Exercise aim:
Would you write out the entries below word for word, omitting the pictures?

Provided data:
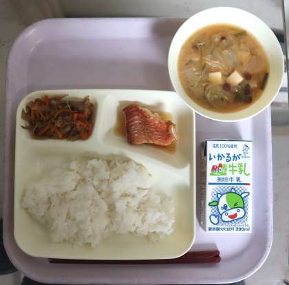 給食の献立は、あかうおのしょうゆだれかけ、なめこのみそ汁、きんぴらごぼう、米飯、牛乳でした。
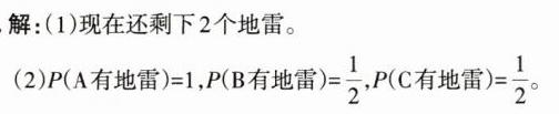 12 (10分)(山西阳泉平定县期末)如图是扫雷游戏的一部分(说明:图中数字2表示在以该数字为中心的8个方格中有2个地雷)。小旗表示该方格已被探明有地雷,现在还剩下A,B,C三个方格未被探明,其他地方为安全区(包括有数字的方格)。
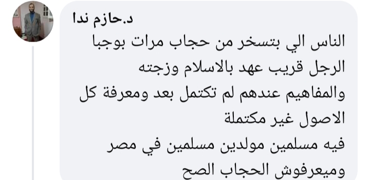 في حين قال حساب باسم حازم ندا: الناس اللي بتسخر من حجاب مرات بوجبا، الرجل قريب عهد بالإسلام وزوجته، والمفاهيم عندهم لم تكتمل بعد، ومعرفة كل الأصول غير مكتملة، في مسلمين مولودين مسلمين في مصر ومايعرفوش الحجاب الصح.
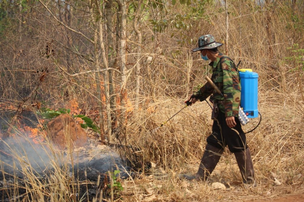 เจ้าหน้าที่ได้ร่วมกับผู้นำชุมชน ชาวบ้าน เข้าทำแนวกันไฟเพื่อไม่ให้เปลวเพลิงลุกลามเข้าพื้นที่ทำกินของชาวบ้าน บ้านเรือนของประชาชน และวัดที่อยู่ใกล้พื้นที่ แต่เนื่องจากบางจุดมีใบไม้ทับถมเป็นจำนวนมาก จึงทำให้ไฟโหมอย่างรุนแรงจนข้ามแนวกันไฟ เจ้าหน้าที่จึงได้ช่วยกันขยายแนวให้ใหญ่ขึ้น เพื่อไม่ให้ไฟข้ามแนวได้ เบื้องต้นทราบว่าไฟได้ลุกลามมาจากพื้นที่ทำกินที่อยู่อีกฝั่งเขา ตรวจสอบพบพื้นที่เสียหายกว่า 100 ไร่
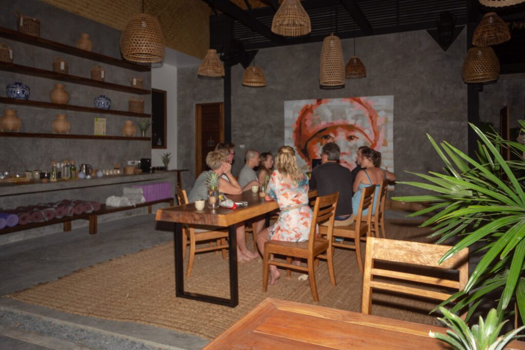 Meals are taken in open, shaded spaces. There’s room to sit alone or gather as a group. The spaces feel open without being empty — the kind of place where conversations happen softly and naturally.
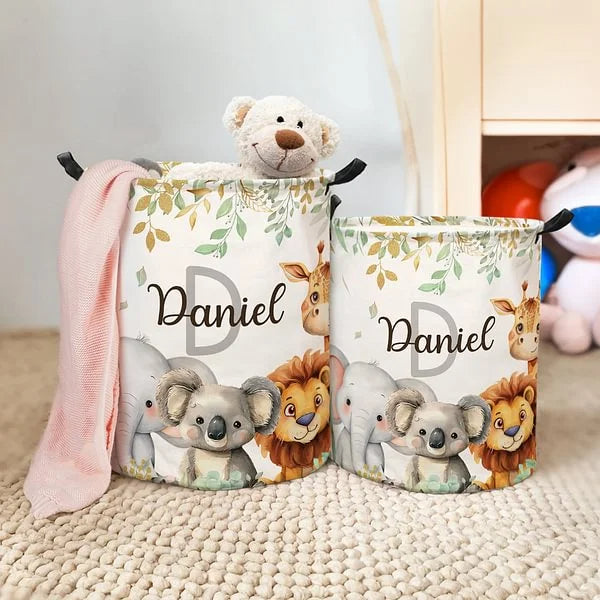 Custom Name Jungle Animal Laundry Basket – Large Waterproof Storage with Handle, Cute Gift for Kids
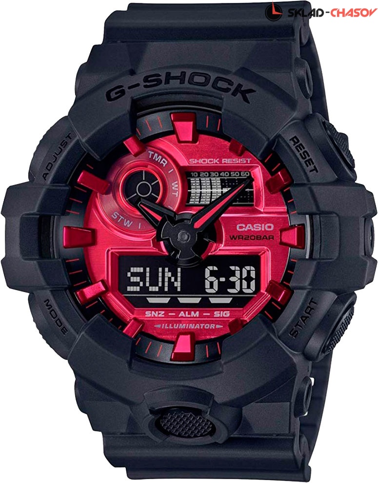 Благодаря новому переосмысленному дизайну и крупным стрелкам, часы имеют не только отличный внешний вид, но и обладают действительно удобной индикацией времени. G-SHOCK. Яркий красный циферблат этих часов отлично подойдет к современному модному образу. Противоударный корпус защищает механизм от ударов и вибрации. Светодиодная автоматическая супер-подсветка. Светодиодная автоподсветка включается при повороте циферблата в сторону лица. Цвет подсветки - белый. Мировое время – 48 городов (31 часовой пояс), всемирное координированное время (UTC). Функция включения/отключения летнего времени. 12-ти и 24-х часовой формат времени. Секундомер с точностью показаний 1/100с и временем измерения до 24ч. SPLIT-хронограф. Таймер обратного отсчета от 1мин до 1ч с автоповтором. Функция перемещения стрелок для беспрепятственного просмотра информации на цифровых дисплеях. Функция отключения/включения звука.

Answer to this task:
 給食の献立は、あかうおのしょうゆだれかけ、なめこのみそ汁、きんぴらごぼう、米飯、牛乳でした。
 12 (10分)(山西阳泉平定县期末)如图是扫雷游戏的一部分(说明:图中数字2表示在以该数字为中心的8个方格中有2个地雷)。小旗表示该方格已被探明有地雷,现在还剩下A,B,C三个方格未被探明,其他地方为安全区(包括有数字的方格)。
 في حين قال حساب باسم حازم ندا: الناس اللي بتسخر من حجاب مرات بوجبا، الرجل قريب عهد بالإسلام وزوجته، والمفاهيم عندهم لم تكتمل بعد، ومعرفة كل الأصول غير مكتملة، في مسلمين مولودين مسلمين في مصر ومايعرفوش الحجاب الصح.
 เจ้าหน้าที่ได้ร่วมกับผู้นำชุมชน ชาวบ้าน เข้าทำแนวกันไฟเพื่อไม่ให้เปลวเพลิงลุกลามเข้าพื้นที่ทำกินของชาวบ้าน บ้านเรือนของประชาชน และวัดที่อยู่ใกล้พื้นที่ แต่เนื่องจากบางจุดมีใบไม้ทับถมเป็นจำนวนมาก จึงทำให้ไฟโหมอย่างรุนแรงจนข้ามแนวกันไฟ เจ้าหน้าที่จึงได้ช่วยกันขยายแนวให้ใหญ่ขึ้น เพื่อไม่ให้ไฟข้ามแนวได้ เบื้องต้นทราบว่าไฟได้ลุกลามมาจากพื้นที่ทำกินที่อยู่อีกฝั่งเขา ตรวจสอบพบพื้นที่เสียหายกว่า 100 ไร่
 Meals are taken in open, shaded spaces. There’s room to sit alone or gather as a group. The spaces feel open without being empty — the kind of place where conversations happen softly and naturally.
 Custom Name Jungle Animal Laundry Basket – Large Waterproof Storage with Handle, Cute Gift for Kids
 Благодаря новому переосмысленному дизайну и крупным стрелкам, часы имеют не только отличный внешний вид, но и обладают действительно удобной индикацией времени. G-SHOCK. Яркий красный циферблат этих часов отлично подойдет к современному модному образу. Противоударный корпус защищает механизм от ударов и вибрации. Светодиодная автоматическая супер-подсветка. Светодиодная автоподсветка включается при повороте циферблата в сторону лица. Цвет подсветки - белый. Мировое время – 48 городов (31 часовой пояс), всемирное координированное время (UTC). Функция включения/отключения летнего времени. 12-ти и 24-х часовой формат времени. Секундомер с точностью показаний 1/100с и временем измерения до 24ч. SPLIT-хронограф. Таймер обратного отсчета от 1мин до 1ч с автоповтором. Функция перемещения стрелок для беспрепятственного просмотра информации на цифровых дисплеях. Функция отключения/включения звука.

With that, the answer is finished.